Work instruction:
Below are the records; copy exactly the stretch from the line containing "Processing 1980-2000年)及資訊傳播業服務(Information Communication" through the line containing "4. I dreamt", both ends included, and nothing else.

Available data:
#####

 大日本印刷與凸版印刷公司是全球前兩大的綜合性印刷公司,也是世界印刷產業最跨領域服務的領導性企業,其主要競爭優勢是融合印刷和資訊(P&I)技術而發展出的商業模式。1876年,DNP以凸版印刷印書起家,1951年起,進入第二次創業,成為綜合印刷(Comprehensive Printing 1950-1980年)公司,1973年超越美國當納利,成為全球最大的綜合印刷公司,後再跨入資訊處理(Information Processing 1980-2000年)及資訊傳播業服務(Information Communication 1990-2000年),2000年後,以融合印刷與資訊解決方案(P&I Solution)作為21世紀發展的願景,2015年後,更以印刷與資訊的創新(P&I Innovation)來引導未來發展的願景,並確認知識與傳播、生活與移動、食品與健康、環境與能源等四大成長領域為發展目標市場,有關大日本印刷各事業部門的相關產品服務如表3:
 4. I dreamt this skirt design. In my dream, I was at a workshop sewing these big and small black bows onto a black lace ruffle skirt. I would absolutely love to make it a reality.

#####

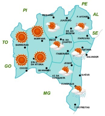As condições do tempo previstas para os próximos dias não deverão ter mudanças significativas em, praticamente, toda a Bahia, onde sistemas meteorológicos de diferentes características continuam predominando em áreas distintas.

#####

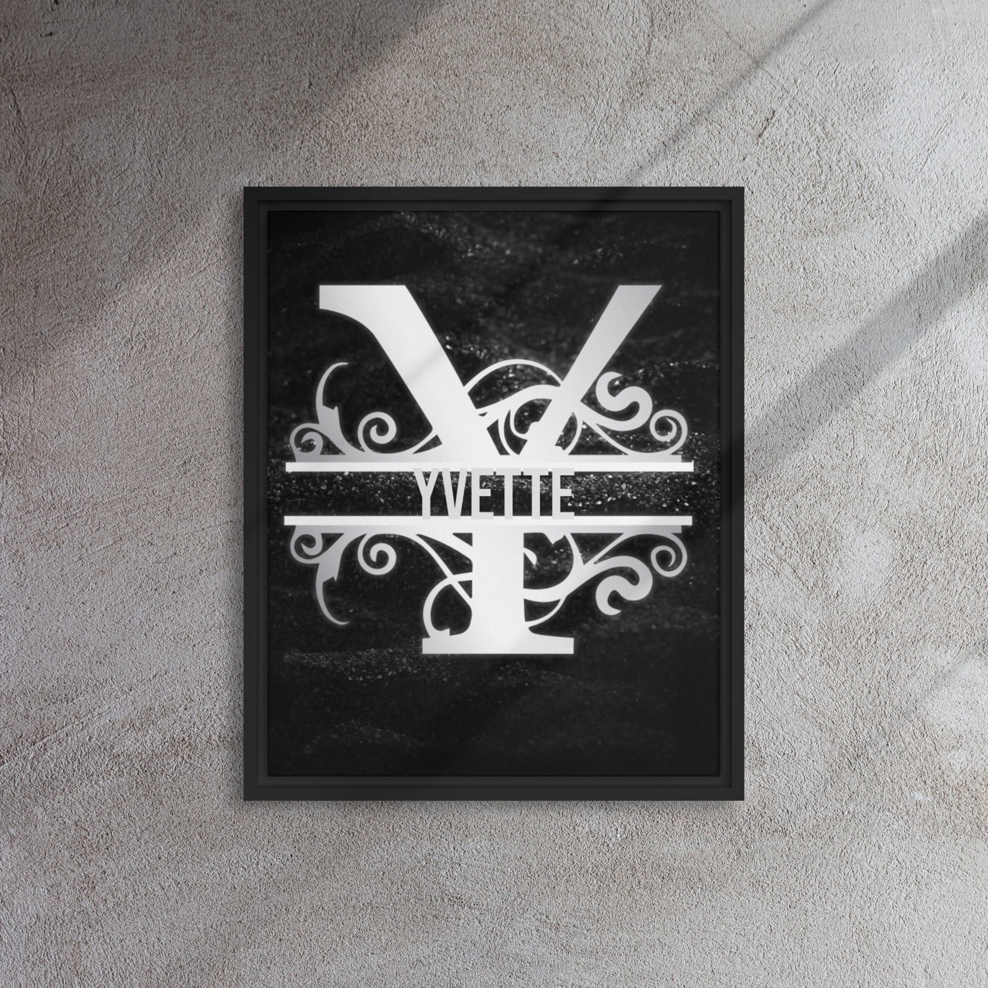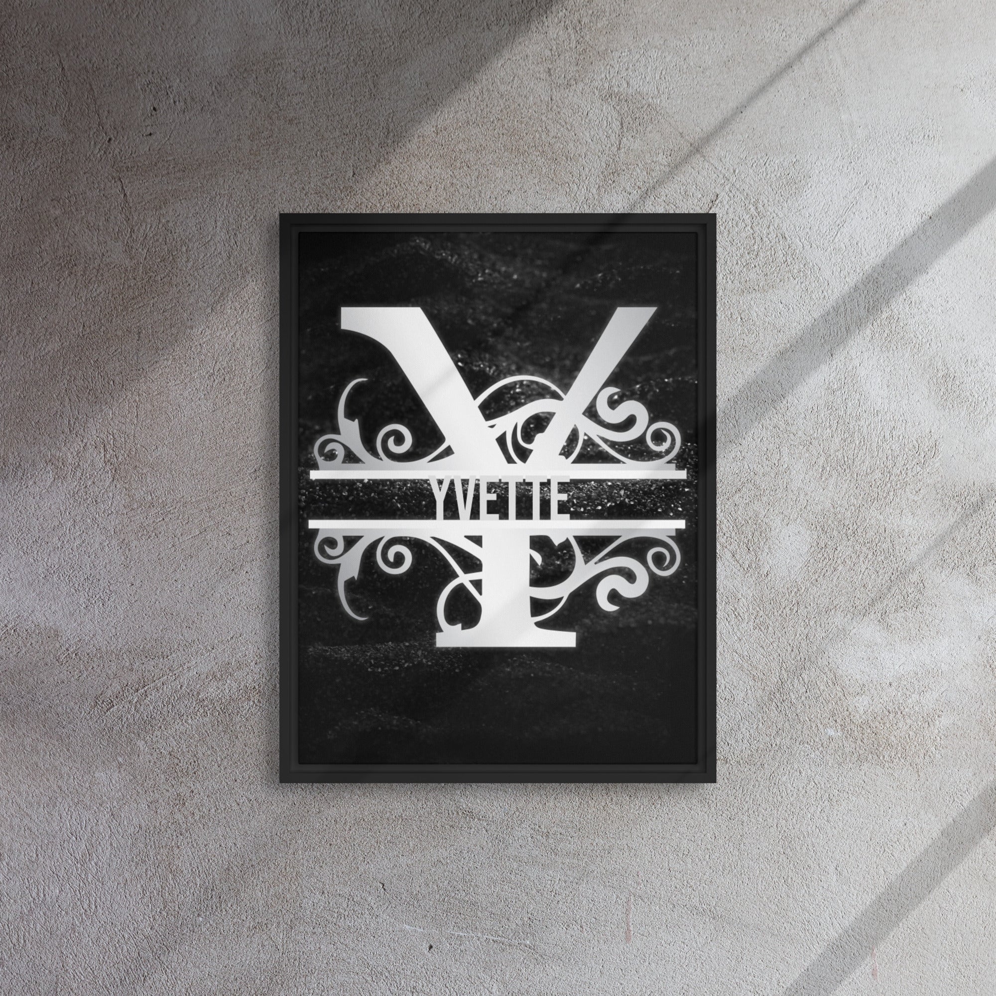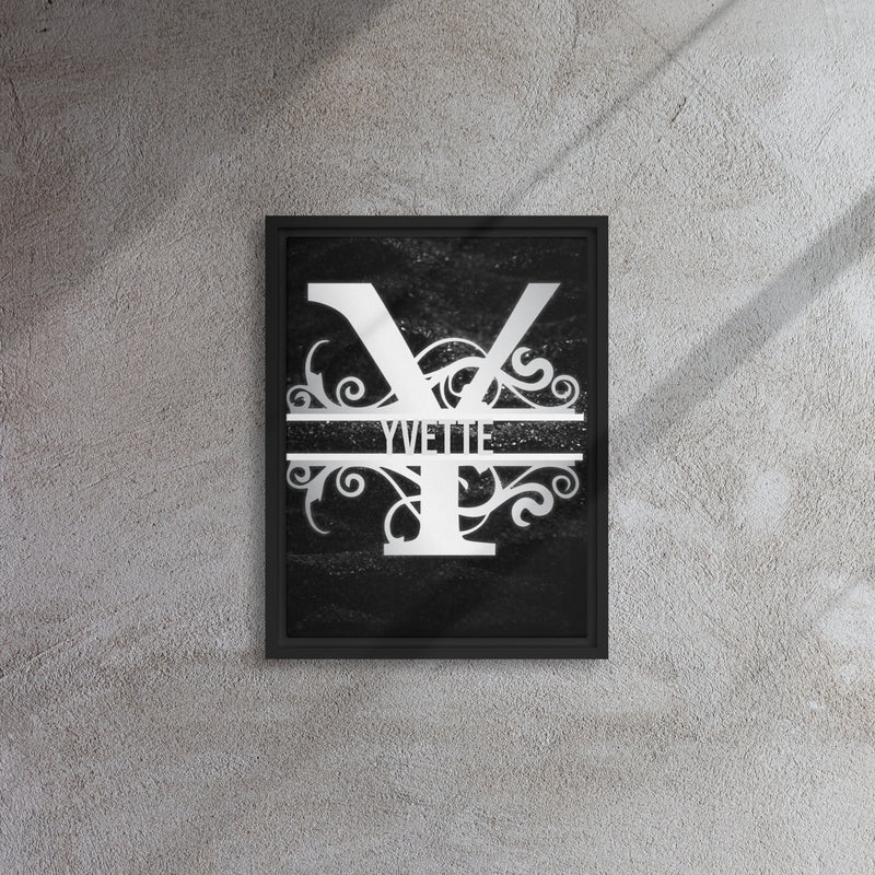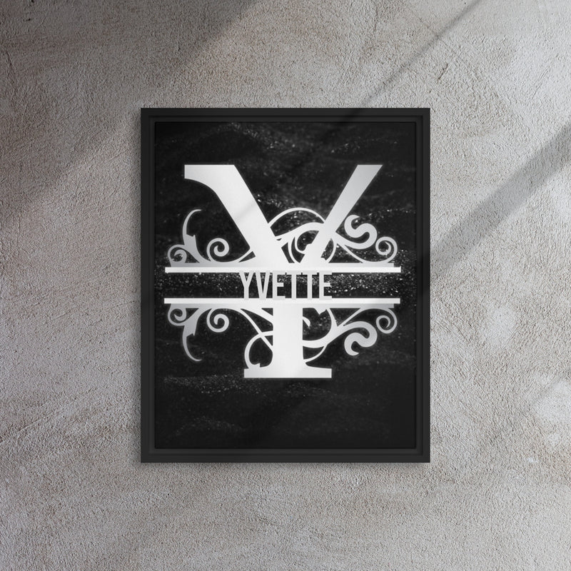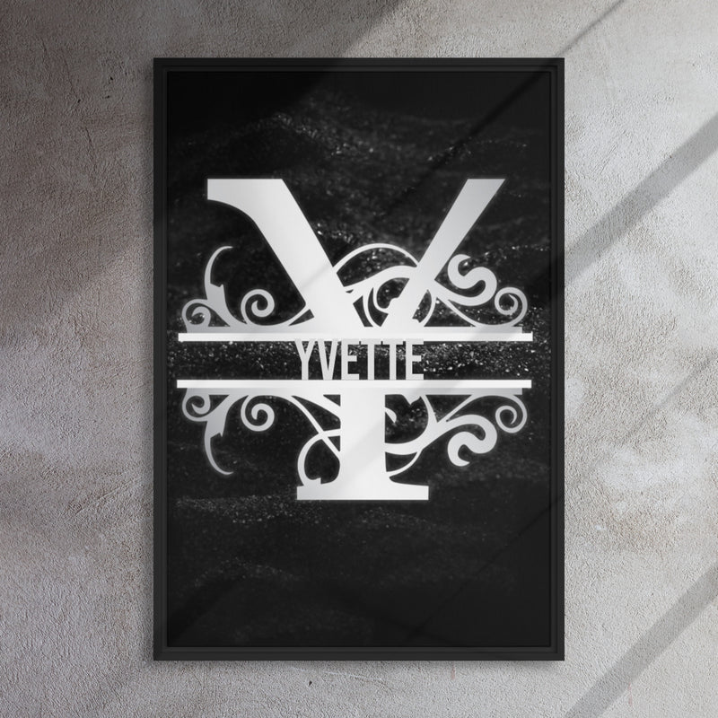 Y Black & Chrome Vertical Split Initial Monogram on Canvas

#####

Task solution:
 大日本印刷與凸版印刷公司是全球前兩大的綜合性印刷公司,也是世界印刷產業最跨領域服務的領導性企業,其主要競爭優勢是融合印刷和資訊(P&I)技術而發展出的商業模式。1876年,DNP以凸版印刷印書起家,1951年起,進入第二次創業,成為綜合印刷(Comprehensive Printing 1950-1980年)公司,1973年超越美國當納利,成為全球最大的綜合印刷公司,後再跨入資訊處理(Information Processing 1980-2000年)及資訊傳播業服務(Information Communication 1990-2000年),2000年後,以融合印刷與資訊解決方案(P&I Solution)作為21世紀發展的願景,2015年後,更以印刷與資訊的創新(P&I Innovation)來引導未來發展的願景,並確認知識與傳播、生活與移動、食品與健康、環境與能源等四大成長領域為發展目標市場,有關大日本印刷各事業部門的相關產品服務如表3:
 4. I dreamt this skirt design. In my dream, I was at a workshop sewing these big and small black bows onto a black lace ruffle skirt. I would absolutely love to make it a reality.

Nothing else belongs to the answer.